At 14 days of age, each was dissected and the large intestine and MLN were collected, and in the same manner as in Example 1, the proportions of Foxp3 positive cells and RORgt positive cells in the CD4 positive cells in the large intestine LPL and MLNL were examined. The results are shown in Tables 8 and 9 (ratio of Foxp3 positive cells, average value, unit:%) and Tables 10 and 11 (ratio of RORgt positive cells, average value, unit:%). In the table, “M-16V” means Bifidobacterium breve M-16V, and “M-16V + oligosaccharide” means a mixture of Bifidobacterium breve M-16V and lactulose, raffinose and galactooligosaccharide. .

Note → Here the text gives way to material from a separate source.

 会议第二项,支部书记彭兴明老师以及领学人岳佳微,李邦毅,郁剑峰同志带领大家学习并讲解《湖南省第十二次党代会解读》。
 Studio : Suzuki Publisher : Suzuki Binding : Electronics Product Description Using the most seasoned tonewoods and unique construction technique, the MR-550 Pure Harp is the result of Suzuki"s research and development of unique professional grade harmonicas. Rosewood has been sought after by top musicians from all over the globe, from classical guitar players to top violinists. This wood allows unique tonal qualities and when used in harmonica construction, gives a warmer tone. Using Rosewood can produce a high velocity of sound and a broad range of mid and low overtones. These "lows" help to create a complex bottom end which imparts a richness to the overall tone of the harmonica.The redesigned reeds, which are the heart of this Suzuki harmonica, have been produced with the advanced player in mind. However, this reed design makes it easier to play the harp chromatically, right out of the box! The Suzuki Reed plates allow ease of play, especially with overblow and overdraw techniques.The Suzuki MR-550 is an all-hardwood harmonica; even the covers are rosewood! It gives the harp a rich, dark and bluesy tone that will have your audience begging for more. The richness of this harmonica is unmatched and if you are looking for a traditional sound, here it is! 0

As shown in Tables 8 and 9, at 14 days after birth, LPL and Bifidobacterium breve M-16V and oligosaccharide (lacturose + raffinose + galactooligosaccharide) were mixed and administered (M-16V + oligosaccharide). The percentage of Foxp3-positive cells in CD4-positive cells in MLNL increased compared to the Vehicle group (control) and the Bifidobacterium group (M-16V).
On the other hand, as shown in Tables 10 and 11, at the 14th day after birth, the mixed administration of M-16V and oligosaccharide did not affect the ratio of RORgt positive cells in CD4 positive cells in LPL and MLNL.

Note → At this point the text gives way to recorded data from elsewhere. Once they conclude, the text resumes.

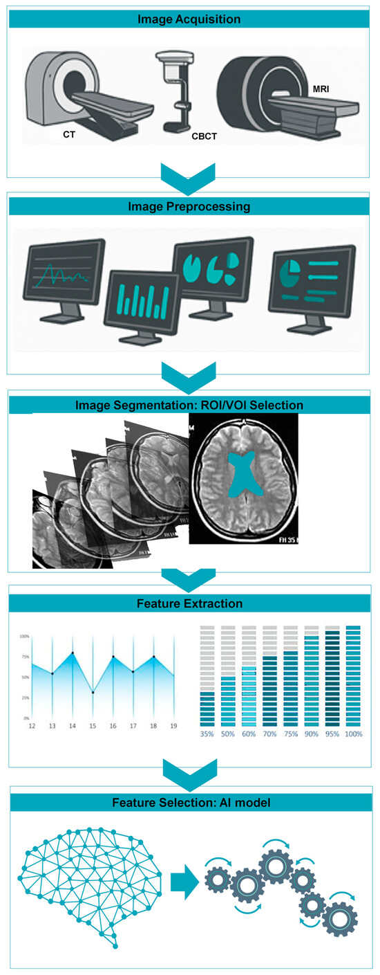 Relevant literature was identified through targeted and iterative searches of electronic databases, including Web of Science, PubMed, Scopus, and Google Scholar. The keyword combinations used in the search strategy included the following: “radiomics”, “texture analysis”, “quantitative imaging,” “computed tomography”, “cone beam computed tomography”, “magnetic resonance imaging”, and “artificial intelligence”. No restrictions regarding publication date or study type were imposed.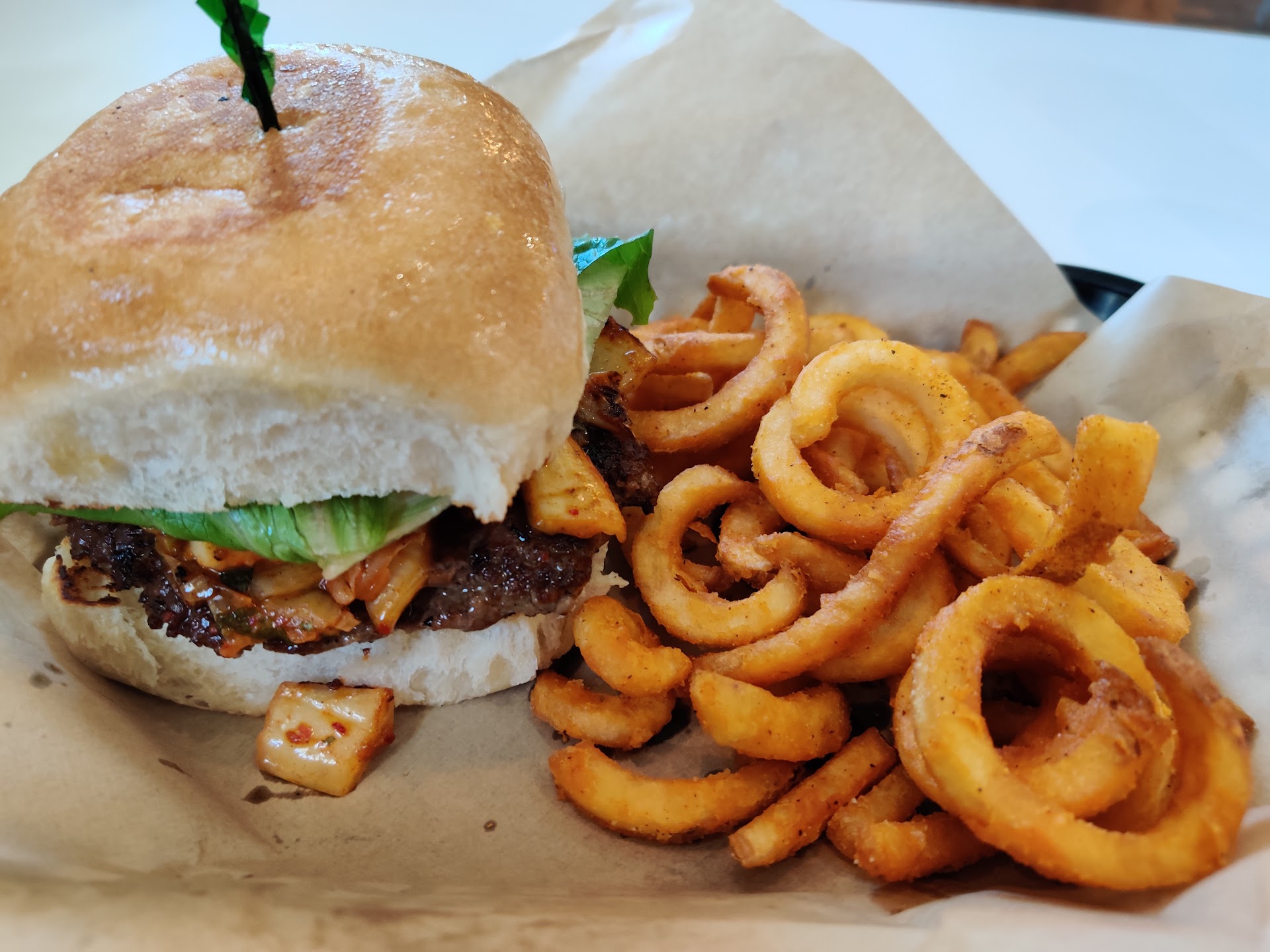 The K-Town was actually very good. The kimchee actually complimented the burger very well and blended the jalapeños in better than most normal Texan builds. the patty was well-seared and medium well. The bun took all of the punishment admirably, even better than many similar or better restaurants.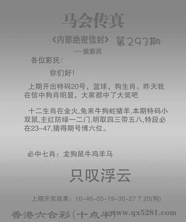温馨提醒:论坛多说交流平台本着为彩民互动交流,但近段时间最近站长收到不少彩民投诉,不法份子借着多说交流平台,冒充高手将彩民骗进群里实行收费诈骗,请还没被骗的彩民谨慎,如果非要给骗子机会,本站皆不负责! 请大家多多支持香港六合彩(十点半)www.qx5281.com

[Example 3] Effect of Bifidobacterium breve and three oligosaccharides on the number of CD4-positive Foxp3-positive cells and RORgt-positive cells in mouse MLNL As in Example 2, milk administered with each administration The pups were dissected at 14 days of age, and the numbers of Foxp3-positive cells and RORgt-positive cells among CD4-positive cells in MLNL were examined. The results are shown in Tables 12 to 14 (average value, unit: × 10 ⁶ ). At the 14th day after birth, the total number of cells in MLNL, the number of CD4-positive Foxp3-positive cells, and the number of CD4-positive RORgt-positive cells increased by administration of Bifidobacterium breve M-16V and oligosaccharide.

The above results are summarized in Table 15 schematically.

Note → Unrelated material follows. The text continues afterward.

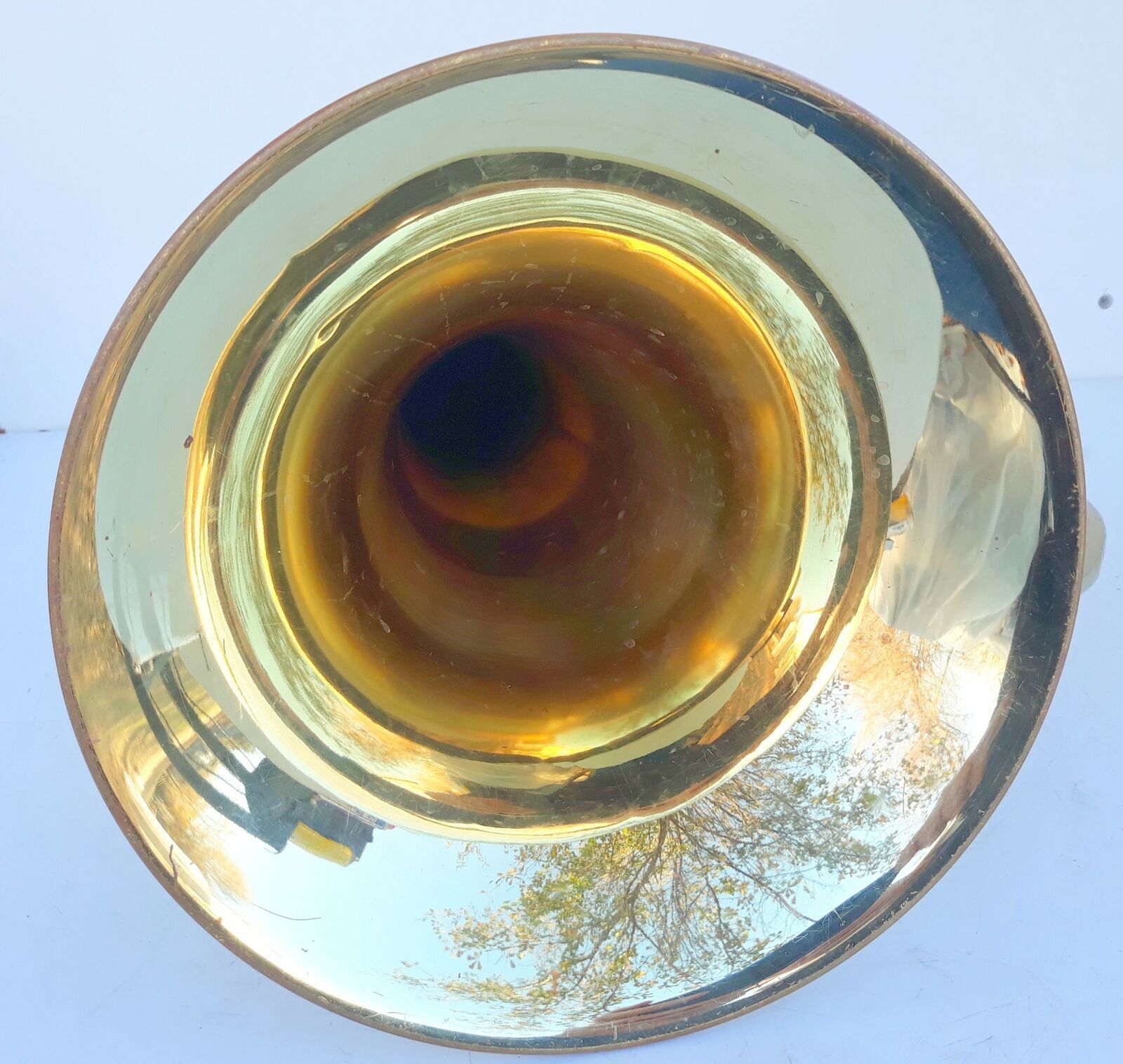 The instrument cosmetically has various dings, dents of various sizes,scratches and some loss of the finish .Lead pipe looks to have been repaired at some time .

The immune development promoter of the present invention is effective for promoting immune development in mammals. Immune development promoters are useful for the prevention and treatment of various diseases that are effective in promoting immune development.

Claims

An immune development promoter comprising bacteria belonging to Bifidobacterium breve and lactulose, raffinose, and galactooligosaccharide.
2. The immune development promoting agent according to claim 1, wherein the promotion of immune development is promotion of an increase in the number of T cells.
The immune development promoter according to claim 1 or 2, wherein the bacterium is Bifidobacterium breve M-16V (LMG23729).
The immune development promoter according to any one of claims 1 to 3, wherein the weight ratio of lactulose, raffinose, and galactooligosaccharide is 1 to 9: 1 to 9: 1 to 9.
The immune development promoting agent according to any one of claims 1 to 4, wherein the amount of the bacteria is 1 x 10 6 to 1 x 10 12 cfu with respect to 1 g of the total amount of lactulose, raffinose, and galactooligosaccharide. .
A feed comprising the immune development promoting agent according to any one of claims 1 to 5.
A food / beverage composition for promoting immune development, comprising bacteria belonging to Bifidobacterium breve and lactulose, raffinose, and galactooligosaccharide as active ingredients.
The food or beverage composition according to claim 7, wherein the food or beverage composition is a health functional food.